Worst Miscarriage Pain!!
So I found out at 12 weeks that we lost our little “Bruno”. Devastating to say the least, I then had to tell my 2 young daughters who were so excited that mommy wasn’t going to have a baby.
We took the girls out to the trampoline park to distract them and while there I started having pains ( I didn’t jump) went to the restroom and of course nature decided that was the moment to release. I had heavy bleeding but just slight cramping.

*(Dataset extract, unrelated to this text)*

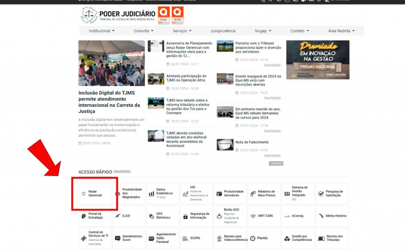 O acesso pode ser feito pelo Banner na Área Restrita ou diretamente por este link: https://www.tjms.jus.br/url/radar .

Came home laid down and prepared to be in major pain, it didn’t come just everything else.
Woke up yesterday and felt off but was okay. Pain had started and cramping had started. While sitting in my office trying to work, I felt like I needed to throw up, while walking upstairs away from my girls ( didn’t want them to see me) I felt this SHARP pain on my right side! I can take pain but this!!!!!!! I went from cooking breakfast to working to not being able to sit up straight!
I just knew something was wrong! I then started throwing up and shaking, I called my husband who had left for work but got no answer, I was forced to call my son who was downstairs, I hated that I had to call him but I knew something was wrong. He called my mother in love when I started throwing up stomach bile. I was sick!!!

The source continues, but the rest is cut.